Zehra Karakilic
Welcome to Longitude Sound Bytes, where we bring innovative insights from around the world directly to you.

Hi, I am Zehra, a graduate in Cognitive Neuroscience at Radboud University in the Netherlands. I will be your host today.

In our new series, we are presenting highlights from short conversations with professionals about what constitutes as beautiful in their line of work. The examples and experiences they share are not only inspiring, but also informative about the interesting projects they work on. So, join us in exploring reflections on beauty – spanning from science and engineering to other fields.

In this episode, our guest is Brandon Dugan, a professor of geosciences at the Colorado Mines University in Denver.  

We heard Dr. Dugan speak on our podcast episode 127 a few months ago when he shared information about his research about freshwater resources discovered under the Atlantic seabed. He returns to share his thoughts on what constitutes as beautiful in his line of work.

As a geoscientist who explores unconventional approaches to solving problems, we start our episode with one the experiences he shares around a peculiar problem that the drilling companies were facing in shallow water.  Let’s get started.

Brandon Dugan
I definitely have used the word beautiful to describe some of the things that I talk about because I study natural systems. I guess there’s just sort of an inherent beauty in nature, but I also love math. And there’s sort of a beauty in equations and trying to explain how things work. And that’s really the linkage for me is sort of this natural beauty and this elegance of being able to explain it with simple mathematics. Those linkages to me, are really amazing and insightful of like trying to understand how something works.

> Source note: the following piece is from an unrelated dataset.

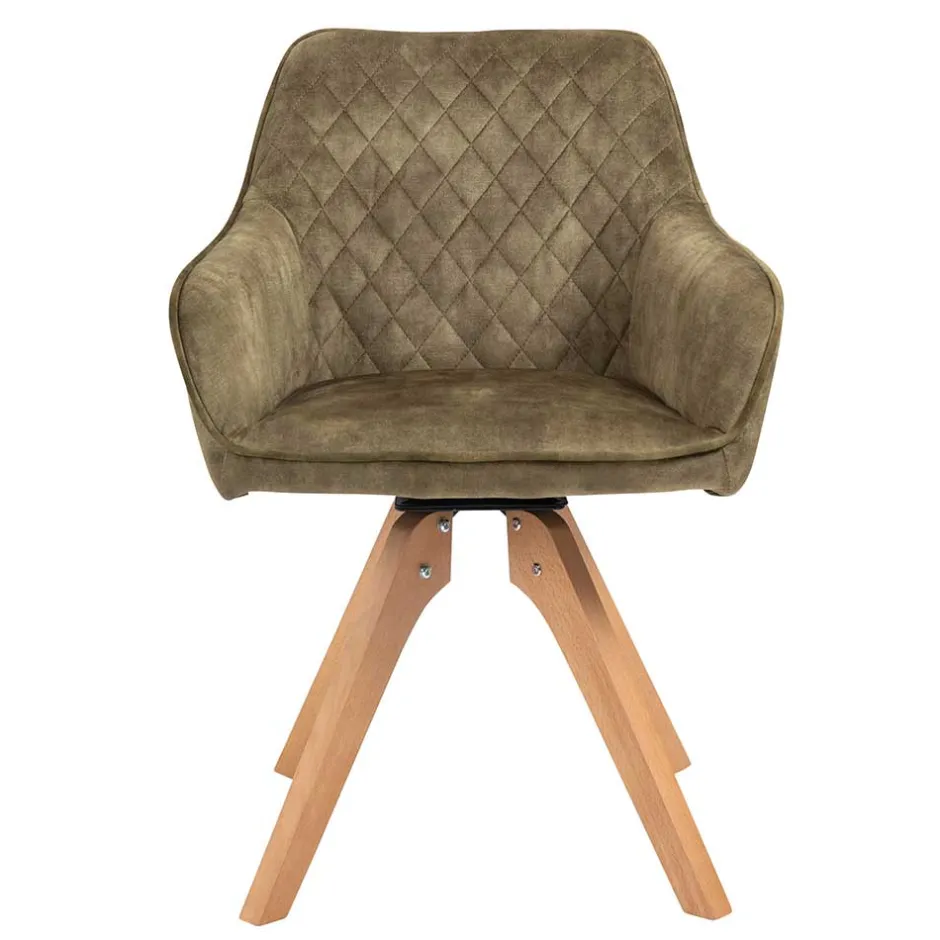 - Souveräner Polster-Drehstuhl in Oliv und Eichefarben

In the mid 1990s, there were some drilling issues where drilling companies were having. They were losing instrumentation very shallow in the seafloor, like 1000 feet of water, and then down 200 feet below the seafloor, they were losing instrument they were seeing quicksand like conditions, and they didn’t know what was happening.

Many major oil companies and drilling companies were plagued by this problem, because it was costing them money and resources and trying to figure out how to access deeper targets that they wanted to. So, they had empirical observations of the problem and the impact that this had on safety and our ability to get resources. And I, with some colleagues of mine, were able to do two things that sort of, in my mind, were beautiful extensions of the project. We were able to extend a physics-based understandings. We were able to write equations to understand why this system behaved the way that it did.

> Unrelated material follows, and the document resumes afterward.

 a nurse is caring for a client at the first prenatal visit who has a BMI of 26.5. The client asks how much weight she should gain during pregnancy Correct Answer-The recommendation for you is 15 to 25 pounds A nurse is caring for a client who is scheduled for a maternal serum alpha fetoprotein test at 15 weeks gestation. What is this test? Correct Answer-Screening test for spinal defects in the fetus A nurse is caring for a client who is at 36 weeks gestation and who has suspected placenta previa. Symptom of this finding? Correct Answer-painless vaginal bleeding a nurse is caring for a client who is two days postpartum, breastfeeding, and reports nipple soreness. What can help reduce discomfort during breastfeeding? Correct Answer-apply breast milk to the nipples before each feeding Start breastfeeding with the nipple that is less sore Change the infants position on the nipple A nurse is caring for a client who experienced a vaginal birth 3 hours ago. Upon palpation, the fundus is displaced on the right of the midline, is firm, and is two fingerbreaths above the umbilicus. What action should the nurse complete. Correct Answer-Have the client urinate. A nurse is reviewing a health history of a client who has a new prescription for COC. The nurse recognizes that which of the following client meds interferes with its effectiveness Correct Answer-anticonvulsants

They were creating these small landslides in the ocean and people before didn’t understand how it could have happened. They didn’t understand how they could have gotten the criteria available for failure this shallow. We knew it existed deeper. So, if we went down 5000 feet or 6000 feet, we knew that we had these very high pressures that could lubricate a surface and create a landslide. But then it’s too deep dept to be a landslide. So, with some very simple equations, and thinking about the problem in two dimensions, and three dimensions, we were able to come up with a theoretical explanation for how we got these systems to fail, create landslides. And probably the most beautiful part was that in 2005, we got to go out with new instruments that we helped design and test our physics-based hypothesis with the natural observations, and we were pretty close to correct. And so that was really amazing, because we were able to take apart this natural phenomenon that was causing chaos in the working world, and explain it with pencil and paper, and then merge the two through, you know, million-dollar technology to go out and take samples of the ocean seafloor. So, it was mathematics, coupled with human applications, coupled with direct field evidence, that made us understand how this whole system worked. And now it’s been expanded to other basins around the world and even thinking about how some things like canyons formed on planets like Mars.

Zehra
So, where does Dr. Dugan see the beauty in geosciences?

Brandon
I think, for me, the natural system, the Earth system, rivers, streams, forests, mountains are all beautiful to me sort of from a sort of traditional naturalist standpoint. And in my field, where I see the beauty of being a geoscientist is trying to be able to explain the processes that we observe in nature, to break them down to their simplest pieces and understand sort of at the fundamental level, how are these things behaving. And so really, that’s the elegance and the excitement for me is trying to explain in the most simple terms, how something works, because then we can make it more complicated and still understand it but we have to understand the simple part first. So, for me, the beauty is really explaining things at the ground level of how they work and function, and the interactions between different things. So, I really look at the interaction between sediments and water, and how that creates things like landslides or water resources, or water for plants. And so how do they interact? And so, I go to the most fundamental level; how do water and rocks interact? And then, how can other things use them?

Zehra
Dr. Dugan has been working in this field both as a researcher and a professor for over 20 years. We wondered if his criteria for beauty evolved over time with the different roles he has taken on.

Brandon
In terms of how my viewpoint has evolved, and how I work with students, they’re still a little bit different. For me, when I was a student, I started my PhD research 27 years ago, I appreciated the beauty of the natural system, but I didn’t really understand the beauty of trying to understand that at its simplest level. I was still used to sort of my undergraduate training and my high school training of always trying to get the answer to something. So, I was always looking for the answer to a problem rather than the understanding of a problem. So, it was a little bit different. The approach that I thought about it, the approach that I do things is different. So now I think about how to understand it. I develop a hypothesis and a test, and I come up with an answer, whether it be correct or incorrect, then I adapt. And so now I’m much more focused on sort of the adaptations that I have to make because that’s part of the understanding for me. Twenty-five years ago, I was more focused on getting an answer and thinking that that would be the end of the process. Now, what I’ve sort of learned is, as I learn small bits and pieces, I do understand something, but I also get to ask other questions, which is more exciting. And so that’s sort of my personal evolution of how I think about things and, and the interplay between things. Now I’m more interested in the new questions I’m going to ask than just getting the answer to the original one. And nine times out of ten, I end up learning something about an item that I didn’t know I was going to discover.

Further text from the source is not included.